Problem.
Beginning with the line of the entries below that holds "演练模拟住院部3楼病房突发火" and ending with the line that holds "Enhance your look", transcribe each line exactly as written. Pictures stay out.

Source information.
——————
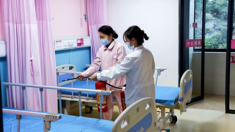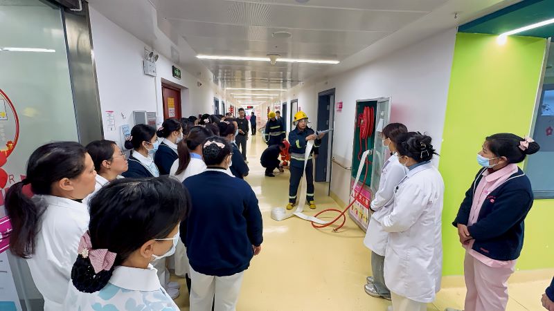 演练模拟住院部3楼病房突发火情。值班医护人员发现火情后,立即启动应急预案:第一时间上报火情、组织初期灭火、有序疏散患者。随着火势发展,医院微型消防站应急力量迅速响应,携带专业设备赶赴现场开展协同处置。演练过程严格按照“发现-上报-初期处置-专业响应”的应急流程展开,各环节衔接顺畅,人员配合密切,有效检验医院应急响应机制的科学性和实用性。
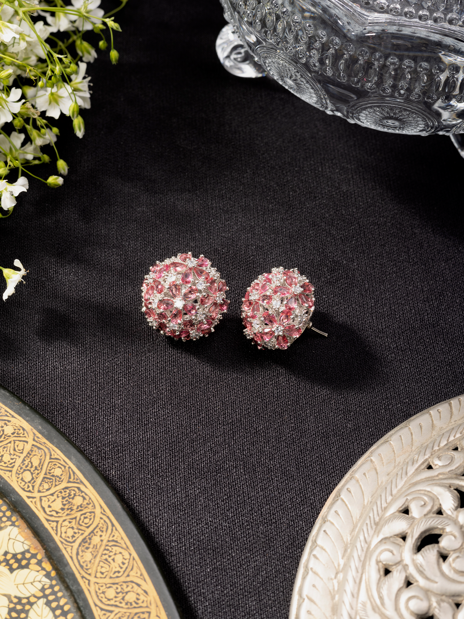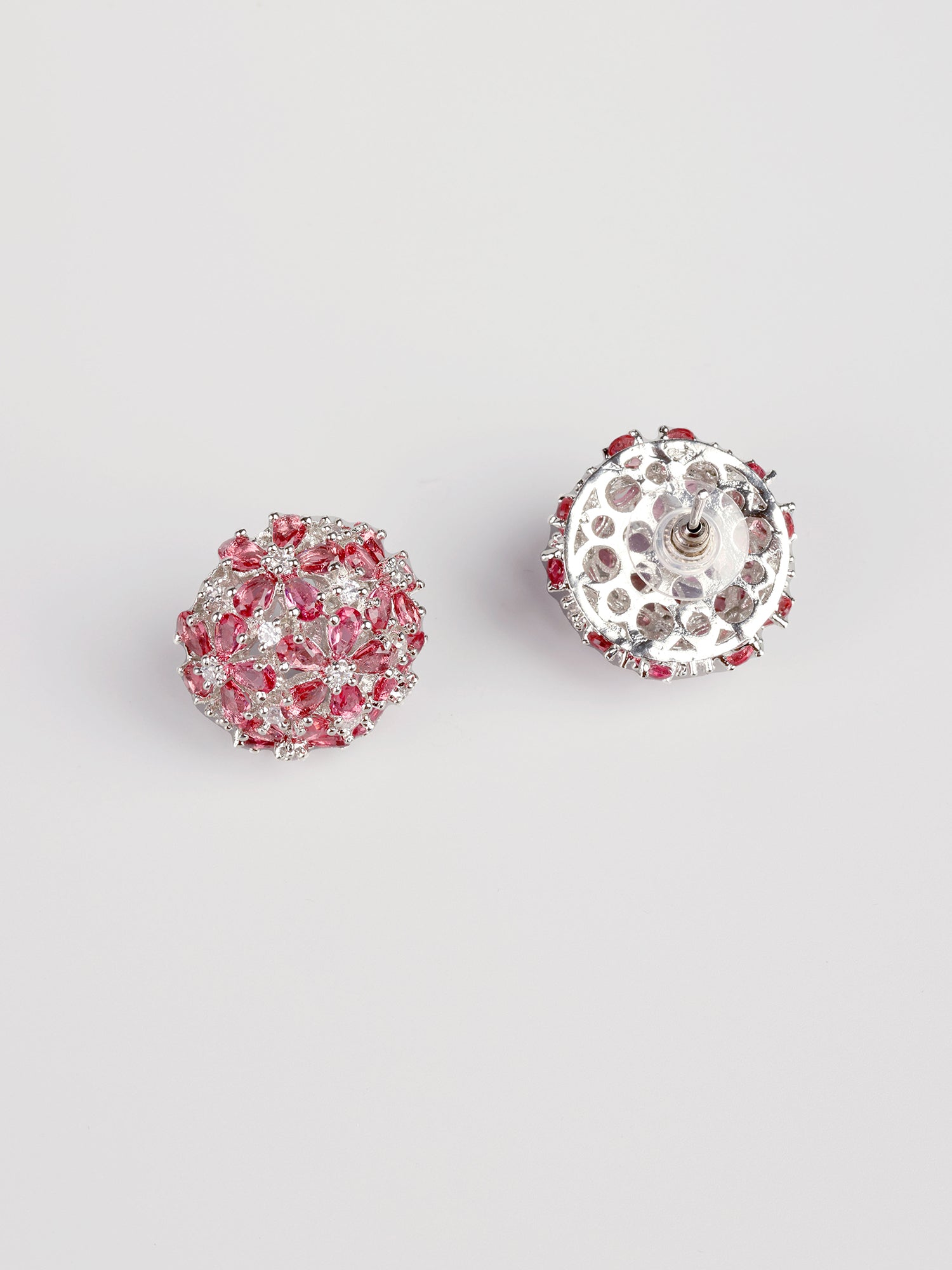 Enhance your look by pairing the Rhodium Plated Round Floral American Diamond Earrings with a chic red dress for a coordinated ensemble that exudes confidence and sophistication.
——————
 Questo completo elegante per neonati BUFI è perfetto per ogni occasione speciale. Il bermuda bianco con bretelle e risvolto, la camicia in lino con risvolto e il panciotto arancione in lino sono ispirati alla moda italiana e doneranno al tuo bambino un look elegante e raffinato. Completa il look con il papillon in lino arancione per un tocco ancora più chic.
——————
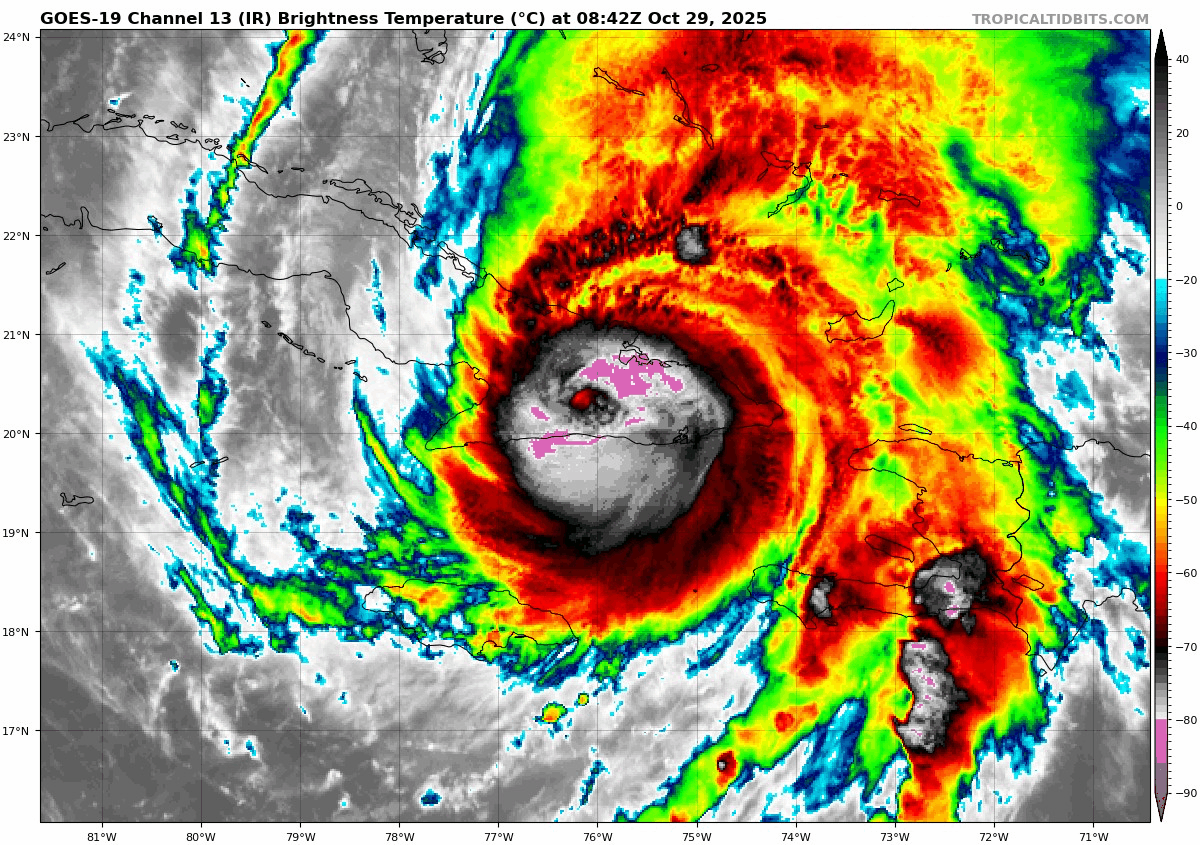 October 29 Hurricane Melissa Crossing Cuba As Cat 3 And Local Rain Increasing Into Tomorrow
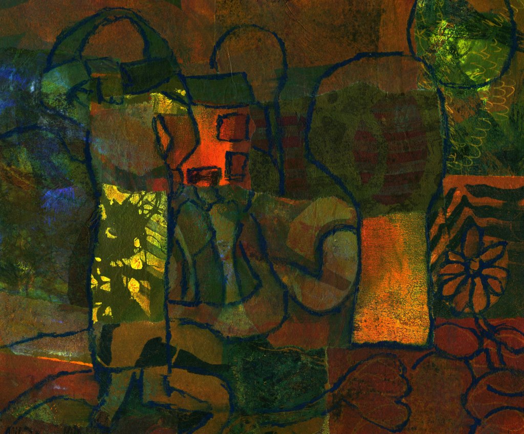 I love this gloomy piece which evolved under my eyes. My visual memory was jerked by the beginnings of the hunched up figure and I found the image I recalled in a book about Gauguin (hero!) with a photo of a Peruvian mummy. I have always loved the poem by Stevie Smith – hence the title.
——————
Written reply.
 演练模拟住院部3楼病房突发火情。值班医护人员发现火情后,立即启动应急预案:第一时间上报火情、组织初期灭火、有序疏散患者。随着火势发展,医院微型消防站应急力量迅速响应,携带专业设备赶赴现场开展协同处置。演练过程严格按照“发现-上报-初期处置-专业响应”的应急流程展开,各环节衔接顺畅,人员配合密切,有效检验医院应急响应机制的科学性和实用性。
 Enhance your look by pairing the Rhodium Plated Round Floral American Diamond Earrings with a chic red dress for a coordinated ensemble that exudes confidence and sophistication.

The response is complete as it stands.